Sure, but then you deserve what you get...
Posted May 24, 2011 23:14 UTC (Tue) by
iabervon (subscriber, #722)
In reply to:
Sure, but then you deserve what you get... by marcH
Parent article:
What Every C Programmer Should Know About Undefined Behavior #3/3
Actually, I suspect that gcc actually transforms the condition to "val < 0x104030200". How would gcc, a C program, compute the result of a signed overflow without risking crashing? It's more comprehensible as "step 1 assumes that, because there is no signed overflow, the arbitrary-precision value of the expression 0x03020100 + (i*0x04040404) is the value of val; step 2 notices that the condition is always true due to the limited range of the variable."

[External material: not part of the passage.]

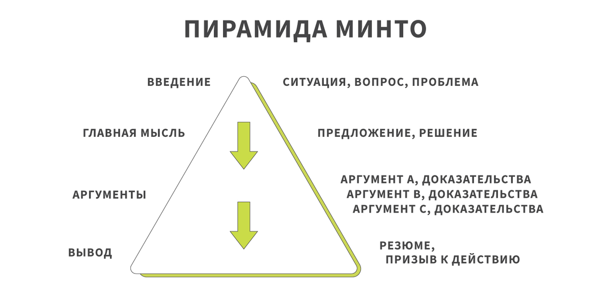 Пирамиды рассмотренные в предыдущих моих статьях известны широкому кругу людей. Есть еще одна, "ПИРАМИДА МИНТО", к её названию приложила руку (голову) одна дама. Звали её Барбара Минто. Чем занимаются женщины, как вы думаете? Да! Они сочиняют правила! В 1966 году её направили в Лондон развивать письменные навыки работников одной компании. И понеслось! Там и начала формироваться её теория. Уже через 10 лет Барбара - управляющая собственной компанией и успешный преподаватель в школах Гарварда и Стэнфорда. Бизнес школ, надо заметить! Принципы своей пирамиды она опубликовала в книге и назвала ЗОЛОТЫМИ ПРАВИЛАМИ МЫШЛЕНИЯ, делового письма и устных выступлений. Звучит? В чем же смысл и почему пирамида? Б.Минто выдвинула теорию, что идеи делового документа должны быть не только логически связаны, но и выстроены по принципу пирамиды. Эта структура повествования обеспечивает максимальную доступность для понимания и восприятия- так удобно нашему мозгу! Ясное и правильное изложение своих мысл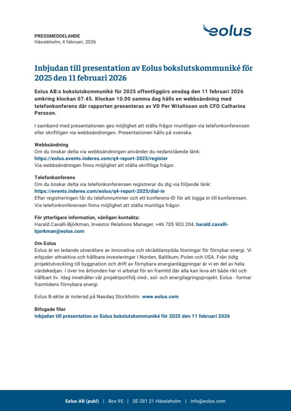 Eolus AB:s bokslutskommuniké för 2025 offentliggörs onsdag den 11 februari 2026 omkring klockan 07.45. Klockan 10.00 samma dag hålls en webbsändning med telefonkonferens där rapporten presenteras av VD Per Witalisson och CFO Catharina Persson.

This also avoids the issue that it would be really hard to determine that "val != 0x04030200" is always true without determining that the code actually hits a signed overflow.

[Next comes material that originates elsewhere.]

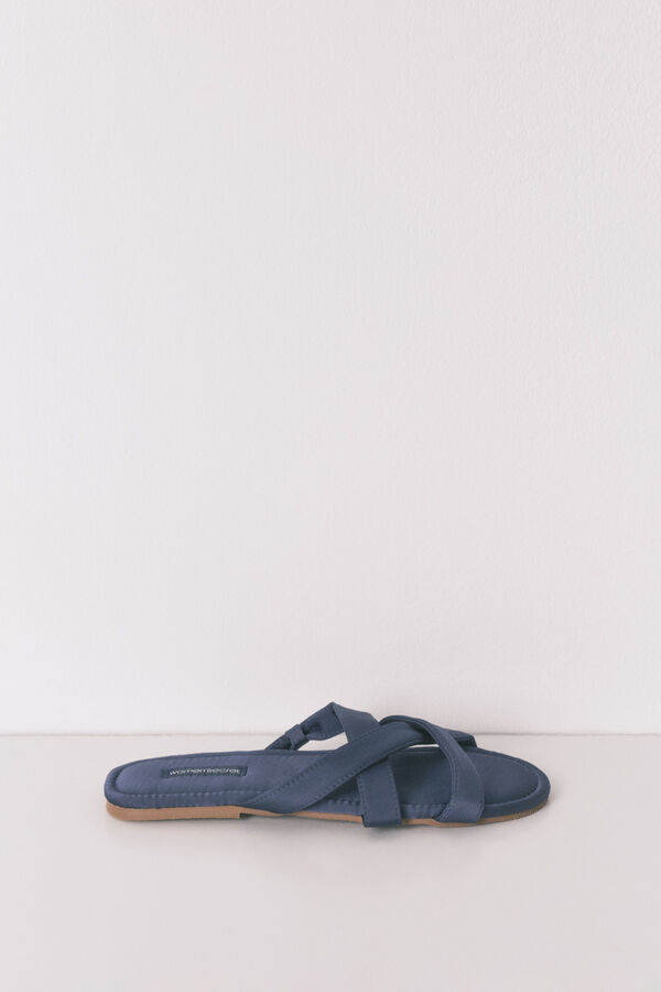 Zapatillas de estar en casa azules efecto satén, con detalle de tiras cruzadas. Ideales para estar en casa cómoda, sin perder tu toque personal de estilo.

Actually, the first transformed code is probably:
int *value;
int val;
for (val = 0x03020100; val < 0x104030200; val += 0x04040404, value++)
*value = val;
Eliminating "i" is reasonably likely to be huge on x86 come register allocation, so it's a good optimization if it works. And gcc can assume it works because the programmer can't let signed arithmetic overflow. Of course, at this point, it already doesn't work as expected; the second optimization just makes the assembly confusing. The second optimization is really for "if (size >= 0x100000000) return -EINVAL;" where the programmer cares about a 32-bit limit in code that could be built with either 32-bit or 64-bit ints; in some builds it's important, and in all builds it's correct, but the compiler can eliminate it in cases where it doesn't matter.